** Brief **
Beginning with the line that has "Pouzdro na jeden" and ending with the line that has "- Pablo Hoyos", retype the entries below exactly, except for the pictures.

** Records for this task **
---

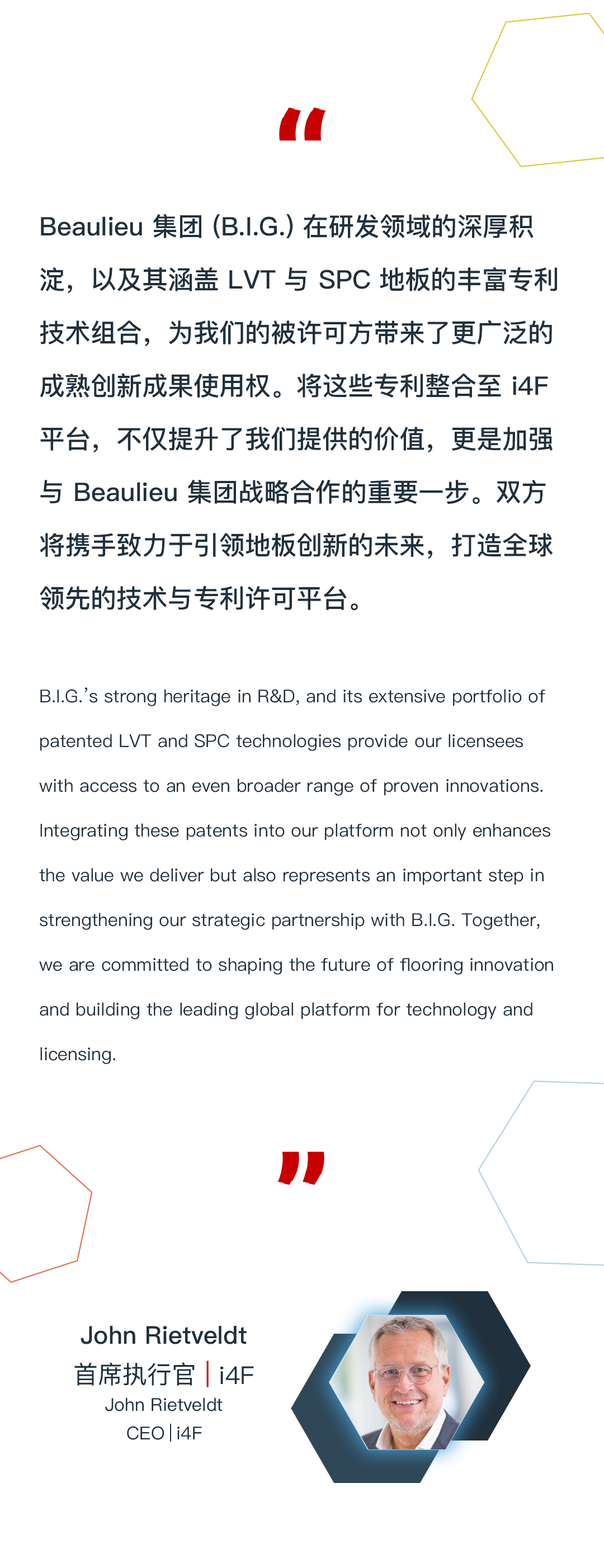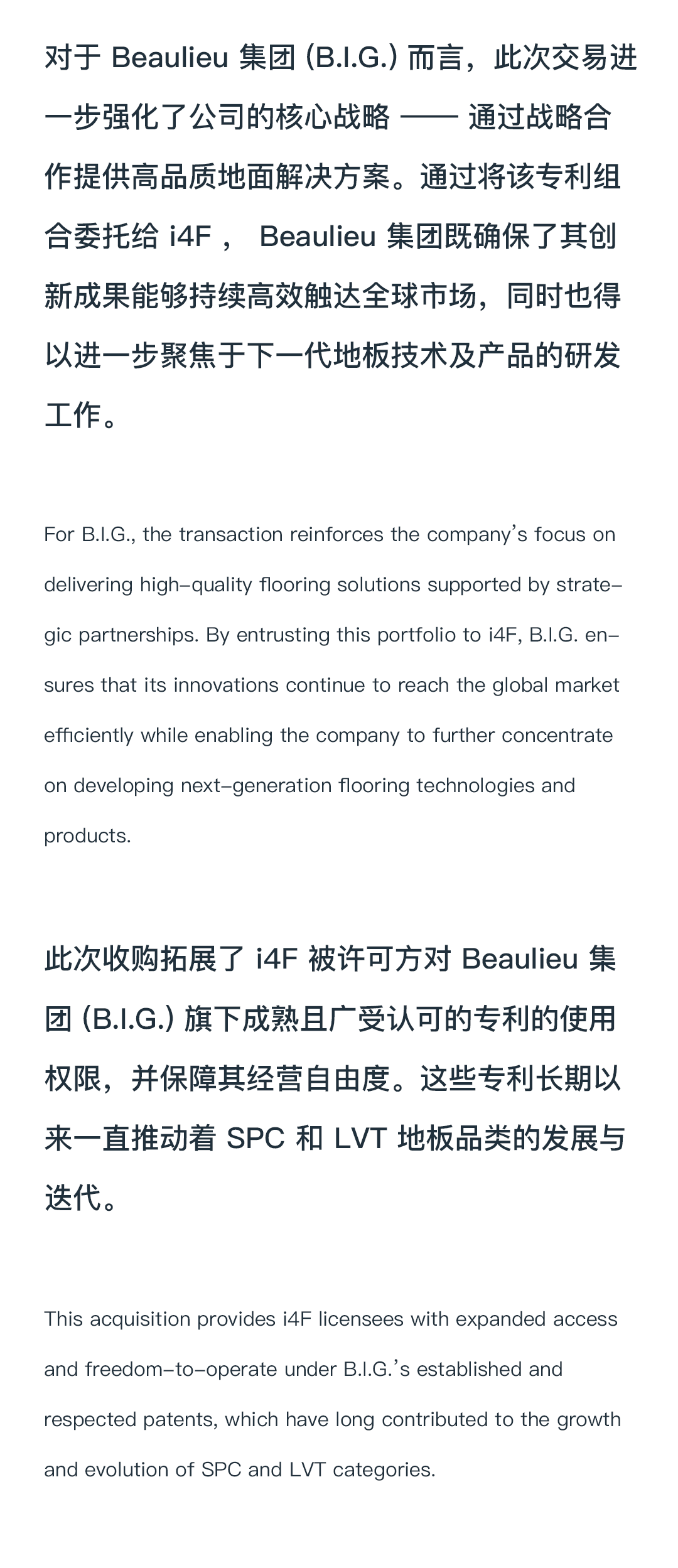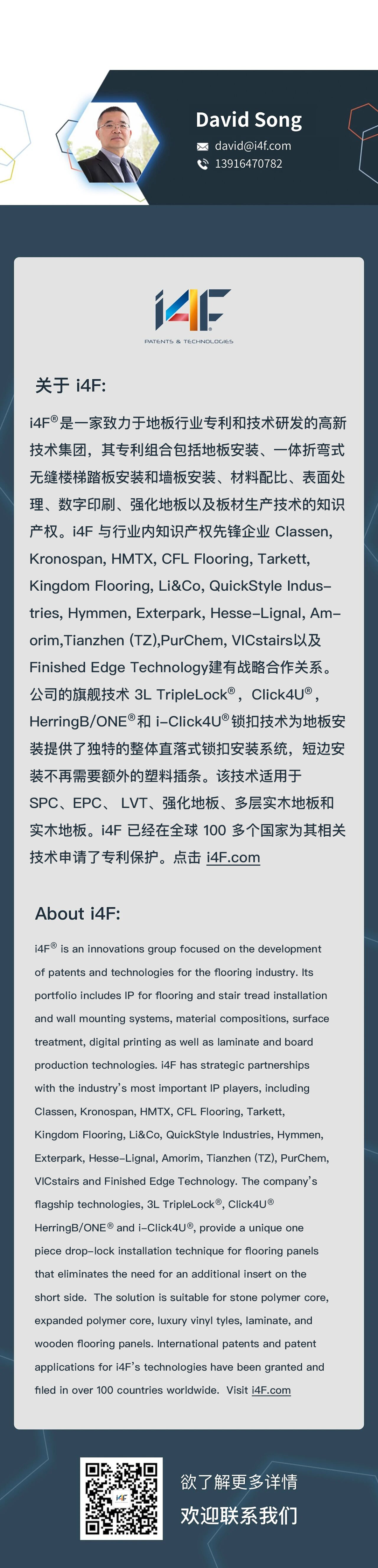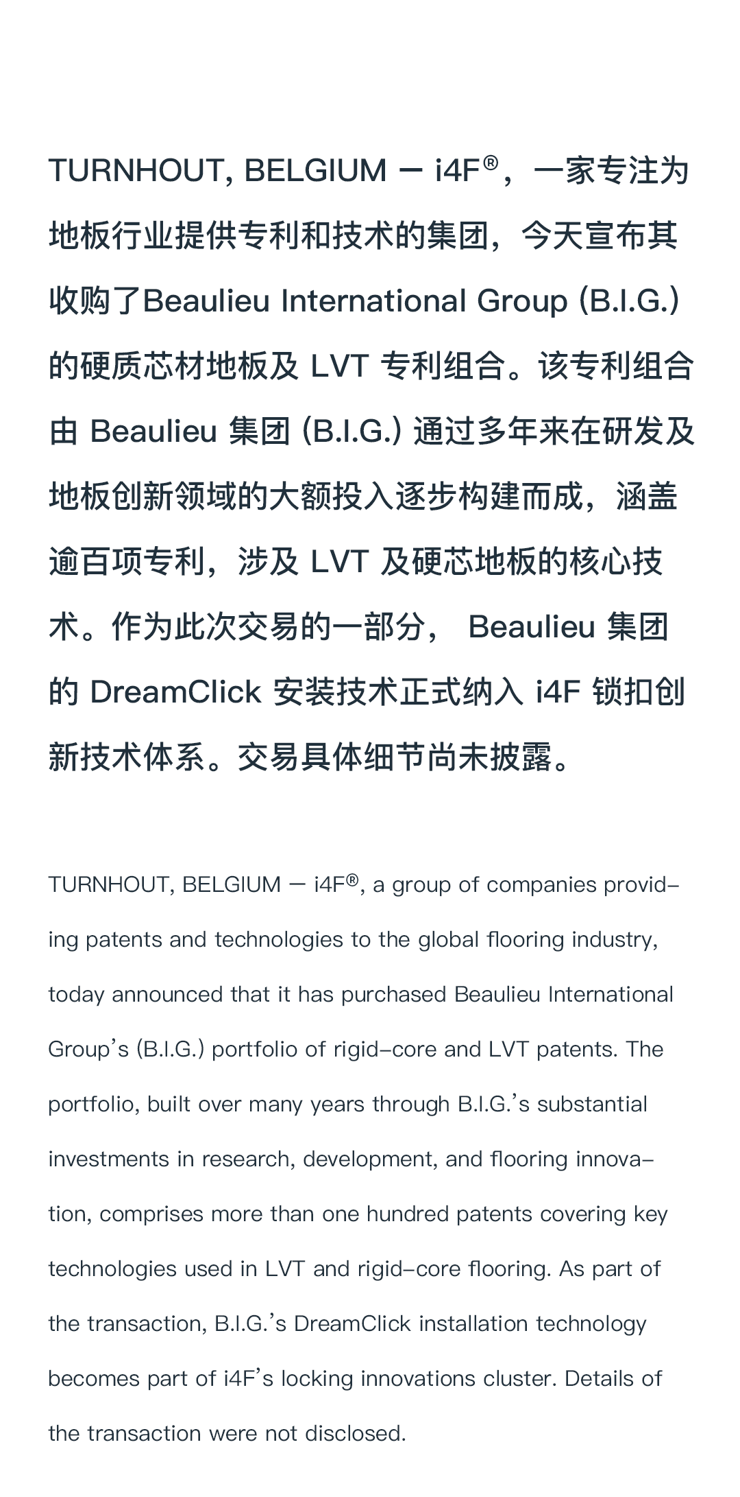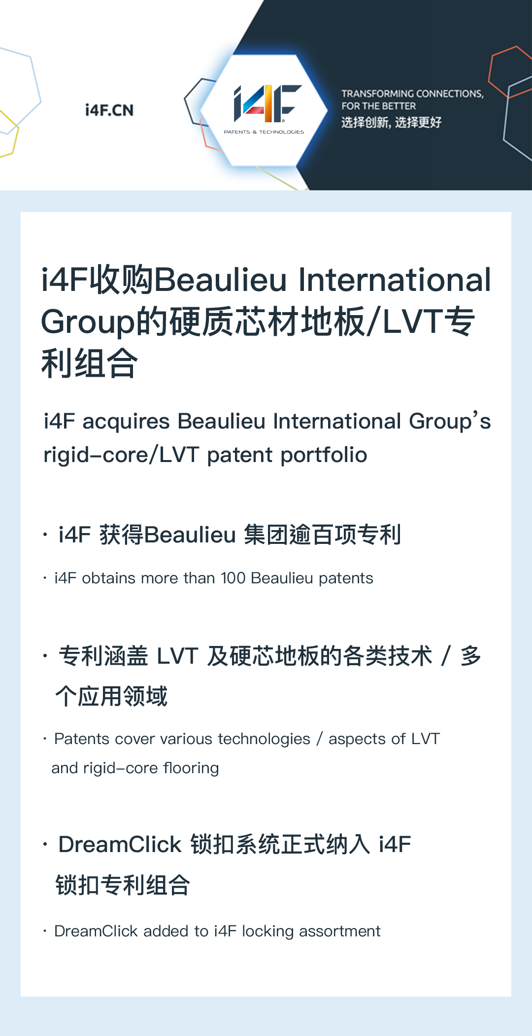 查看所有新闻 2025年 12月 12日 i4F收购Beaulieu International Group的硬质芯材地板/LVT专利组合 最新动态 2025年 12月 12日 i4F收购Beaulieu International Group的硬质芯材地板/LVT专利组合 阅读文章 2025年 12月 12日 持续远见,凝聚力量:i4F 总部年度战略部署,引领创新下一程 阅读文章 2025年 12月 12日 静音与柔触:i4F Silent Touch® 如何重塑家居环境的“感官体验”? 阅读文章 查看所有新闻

---

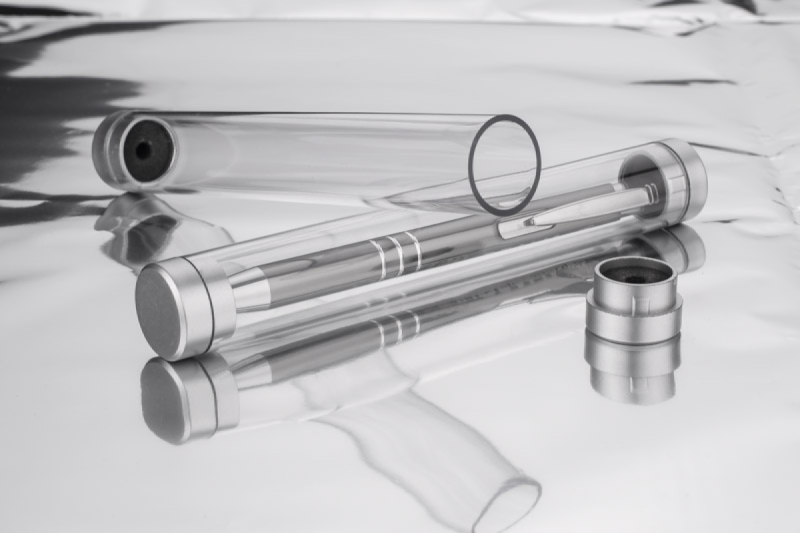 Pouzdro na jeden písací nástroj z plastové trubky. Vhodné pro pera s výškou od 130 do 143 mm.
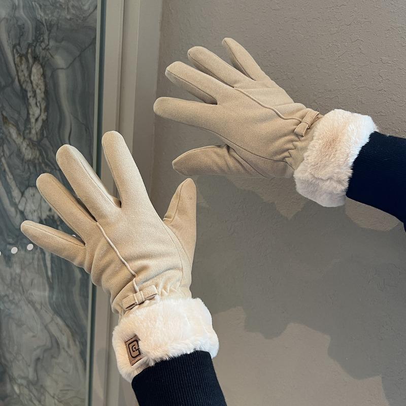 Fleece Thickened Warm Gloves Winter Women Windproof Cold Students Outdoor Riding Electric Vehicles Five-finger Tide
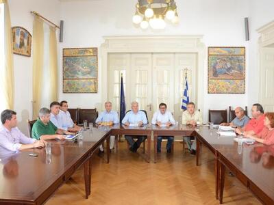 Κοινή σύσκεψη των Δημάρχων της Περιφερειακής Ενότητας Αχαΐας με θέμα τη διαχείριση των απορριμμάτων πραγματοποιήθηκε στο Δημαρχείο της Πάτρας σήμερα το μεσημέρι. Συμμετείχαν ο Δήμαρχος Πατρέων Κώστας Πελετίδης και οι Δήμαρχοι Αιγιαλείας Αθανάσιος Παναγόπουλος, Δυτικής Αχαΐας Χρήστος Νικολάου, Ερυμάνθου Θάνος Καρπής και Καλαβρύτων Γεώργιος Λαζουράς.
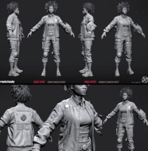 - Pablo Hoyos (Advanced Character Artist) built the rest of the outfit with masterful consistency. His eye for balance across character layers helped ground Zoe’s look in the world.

---

** Answer for this exercise **
 Pouzdro na jeden písací nástroj z plastové trubky. Vhodné pro pera s výškou od 130 do 143 mm.
 Fleece Thickened Warm Gloves Winter Women Windproof Cold Students Outdoor Riding Electric Vehicles Five-finger Tide
 Κοινή σύσκεψη των Δημάρχων της Περιφερειακής Ενότητας Αχαΐας με θέμα τη διαχείριση των απορριμμάτων πραγματοποιήθηκε στο Δημαρχείο της Πάτρας σήμερα το μεσημέρι. Συμμετείχαν ο Δήμαρχος Πατρέων Κώστας Πελετίδης και οι Δήμαρχοι Αιγιαλείας Αθανάσιος Παναγόπουλος, Δυτικής Αχαΐας Χρήστος Νικολάου, Ερυμάνθου Θάνος Καρπής και Καλαβρύτων Γεώργιος Λαζουράς.
 - Pablo Hoyos (Advanced Character Artist) built the rest of the outfit with masterful consistency. His eye for balance across character layers helped ground Zoe’s look in the world.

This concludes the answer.